The Richmond Times-Dispatch acknowledged in an editorial that it and its now-defunct sister newspaper, The News Leader, played a central role in the "dreadful doctrine" of Massive Resistance. "The record fills us with regret," the newspaper said.
The newspaper took the unusual step of promoting the editorial on its front page. The editorial was published on the eve of a conference in Richmond marking the 50th anniversary of the end of Massive Resistance, which was dismantled by a 1959 court ruling.
Massive Resistance was Virginia's answer to Brown v. Board of Education, the 1954 Supreme Court decision that outlawed school segregation. Endorsed at the highest levels of state government and promoted by U.S. Sen.
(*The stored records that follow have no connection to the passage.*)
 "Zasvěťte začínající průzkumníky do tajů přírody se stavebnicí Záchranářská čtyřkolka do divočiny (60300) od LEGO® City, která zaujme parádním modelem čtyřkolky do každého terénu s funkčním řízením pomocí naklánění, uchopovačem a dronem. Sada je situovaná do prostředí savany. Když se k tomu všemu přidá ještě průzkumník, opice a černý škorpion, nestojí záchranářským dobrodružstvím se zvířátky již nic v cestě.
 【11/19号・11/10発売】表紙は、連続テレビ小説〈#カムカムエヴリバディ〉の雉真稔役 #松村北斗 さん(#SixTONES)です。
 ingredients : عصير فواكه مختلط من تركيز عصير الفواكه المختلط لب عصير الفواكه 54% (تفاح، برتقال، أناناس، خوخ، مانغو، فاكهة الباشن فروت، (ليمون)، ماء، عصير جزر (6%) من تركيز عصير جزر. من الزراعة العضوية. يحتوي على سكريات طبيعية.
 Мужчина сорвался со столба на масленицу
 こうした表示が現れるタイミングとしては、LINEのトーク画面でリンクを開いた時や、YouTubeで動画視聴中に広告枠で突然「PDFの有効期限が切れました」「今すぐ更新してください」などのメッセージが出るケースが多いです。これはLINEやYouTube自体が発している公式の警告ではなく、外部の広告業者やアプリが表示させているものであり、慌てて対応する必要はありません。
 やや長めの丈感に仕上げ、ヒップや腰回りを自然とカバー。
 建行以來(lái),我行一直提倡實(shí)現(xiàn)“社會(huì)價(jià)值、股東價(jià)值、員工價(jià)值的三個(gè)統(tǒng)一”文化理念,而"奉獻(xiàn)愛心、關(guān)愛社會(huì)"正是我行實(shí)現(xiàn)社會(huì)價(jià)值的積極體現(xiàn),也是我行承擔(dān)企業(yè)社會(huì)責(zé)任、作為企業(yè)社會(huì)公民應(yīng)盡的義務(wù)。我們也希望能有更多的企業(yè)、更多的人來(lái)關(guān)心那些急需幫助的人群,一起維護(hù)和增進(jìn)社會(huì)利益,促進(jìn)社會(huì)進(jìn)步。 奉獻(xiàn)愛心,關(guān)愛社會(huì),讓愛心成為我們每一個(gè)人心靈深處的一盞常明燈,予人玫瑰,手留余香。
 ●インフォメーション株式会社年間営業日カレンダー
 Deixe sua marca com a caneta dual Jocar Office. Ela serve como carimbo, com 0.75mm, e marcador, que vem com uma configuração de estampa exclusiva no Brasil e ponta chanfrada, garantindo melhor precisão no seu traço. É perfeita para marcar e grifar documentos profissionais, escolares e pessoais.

Harry F. Byrd, the policy cut funds to any school that dared to integrate.
"The hour was ignoble," the editorial says. "Editorials in The News Leader relentlessly championed Massive Resistance and the dubious constitutional arguments justifying its unworthy cause. Although not so intimately engaged, The Times-Dispatch was complicit."
Words are indeed powerful. Although, these words of apology would certainly have been more powerful if they hadn't waited fifty years to utter them.
You know, I've heard apologists for segregation repeatedly act as if the problems of the civil rights movement were purely a "Deep South" phenomenon, all a part of the "it's just a part of the Southern culture" mumbo-jumbo-- that it was in places like Mississippi and Alabama and South Carolina, especially areas where blacks outnumbered whites, that the worst kinds of race relations took place. That kind of thinking flies in the face of facts, such as that Linda Brown lived in Topeka, KANSAS. They also ignore the fact that the Brown case was actually five cases combined together: besides the Topeka action, lawsuits from Prince Edward County, Virginia; Summerton, South Carolina; Claymont, Delaware; and Washington, D.C were part of the Brown decision. Although Delaware was technically a Northern state, as was Kansas, our nation's capital was (and is) a Southern city. The evils of segregation and discrimination remain a legacy ALL Americans must acknowledge.